The Westbury (off Grafton Street), The Gresham (O'Connell Street) or The Westin (College Green) are probably the most luxurious hotels in the city centre.  I haven't stayed in any of them myself, but have been to weddings/meals/conferences in all three, and have never been disappointed with the service.


----------



## Trent (17 Sep 2008)

*Re: Top Hotel in Dublin City Centre*

The Four Seasons (about 2 miles outside city centre) are offering good rates at the moment. The top hotels in the city are the Merrion Hotel on Merrion St and the Shelbourne Hotel on St. Stephen's Green. 

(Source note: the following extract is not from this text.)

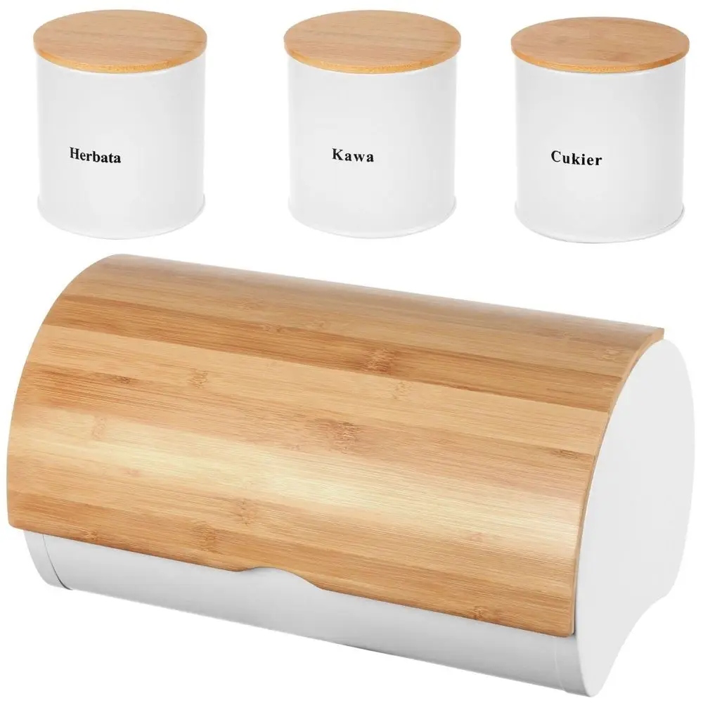 Современная форма хлеба, его привлекательная форма и сочетание белого металла с бамбуком прекрасно смотрятся на столешнице. Металлический корпус был поврежден, порошковая покраска еще больше повреждений и защита включена. В наборе 3 контейнера для кофе, чая и сахара.

I think the Gresham is now a 4 star and wouldn't really compare to the others in terms of luxury in my opinion. All others mentioned are 5 star.


----------



## FredBloggs (17 Sep 2008)

*Re: Top Hotel in Dublin City Centre*

Unless you've a reason for staying in the very centre of the city you can't beat the 4 Seasons.  Very luxurious and a very good (albeit very expensive) restaurant


----------



## JMR (17 Sep 2008)

*Re: Top Hotel in Dublin City Centre*

Thanks for the replies.
What is the name of the big hotel (new enough) on St. Stephens Green at the corner of Harcourt St. I think? 
What is it like?


----------



## bacchus (17 Sep 2008)

*Re: Top Hotel in Dublin City Centre*

Add to the list The Shelbourne, The Merrion.
For small luxurious-ish intimate hotel, you may like Brown's Hotel on 22 St Stephen's green, few doors down from the Shelbourne. I have never stayed there, only been few times to their restaurant.
I would not recommend the Gresham.


----------



## doogo (17 Sep 2008)

*Re: Top Hotel in Dublin City Centre*

The Dylan in Temple Bar is another one - more for the fact that it is *the* trendy hotel of the moment - great bar and very funky lighting and seating throughout ...


----------



## Sunny (17 Sep 2008)

*Re: Top Hotel in Dublin City Centre*

Personally I think the Merrion is probably the classiest hotel in Dublin. The Westin and Four Seasons are just too American for me! And its right next to some of the finest pubs Dublin has to offer!


----------



## NorfBank (17 Sep 2008)

*Re: Top Hotel in Dublin City Centre*



doogo said:


> The Dylan in Temple Bar is another one - more for the fact that it is *the* trendy hotel of the moment - great bar and very funky lighting and seating throughout ...



Temple Bar?
Off Baggot St I think you mean.
Nice hotel, uber trendy,  rooms are a bit small though but the restaurant was extremely good (got a room as a gift).


----------



## superdrog (17 Sep 2008)

*Re: Top Hotel in Dublin City Centre*

Would have to be The Merrion for me , certainly has that bit of class to it.


----------



## gipimann (17 Sep 2008)

*Re: Top Hotel in Dublin City Centre*

Another suggestion for you - Brooks Hotel, Drury St (across from the car park) - 4-star I think, very nice place to stay (I stayed a night last month).


----------



## doogo (22 Sep 2008)

*Re: Top Hotel in Dublin City Centre*



NorfBank said:


> Temple Bar?
> Off Baggot St I think you mean.
> Nice hotel, uber trendy, rooms are a bit small though but the restaurant was extremely good (got a room as a gift).


 
mea culpa!


----------



## 26cb (22 Sep 2008)

*Re: Top Hotel in Dublin City Centre*

The CLarence is also worth a look....


----------



## Ron Burgundy (26 Sep 2008)

*Re: Top Hotel in Dublin City Centre*

Its The Westin for me. I've stayed there a few times and love it.


----------



## Gondola (27 Sep 2008)

*Re: Top Hotel in Dublin City Centre*

I would agree that if you are choosing the hotel purely for the 'environment' experience and you are planning to enjoy the room atmosphere you should go for the Westin (College Green) or the Clarence.


----------



## tink (27 Sep 2008)

*Re: Top Hotel in Dublin City Centre*

the hotel on the corner of Stephen's Gree and Harcourt is one of the O'Callaghan hotels, nice but not amazing. Shelbourne would get my vote


----------



## harriet (28 Sep 2008)

*Re: Top Hotel in Dublin City Centre*

Conrad?


----------



## DeclanP (28 Sep 2008)

*Re: Top Hotel in Dublin City Centre*



JMR said:


> Any recommendations for a really plush hotel in Dublin city centre for a special one night stay?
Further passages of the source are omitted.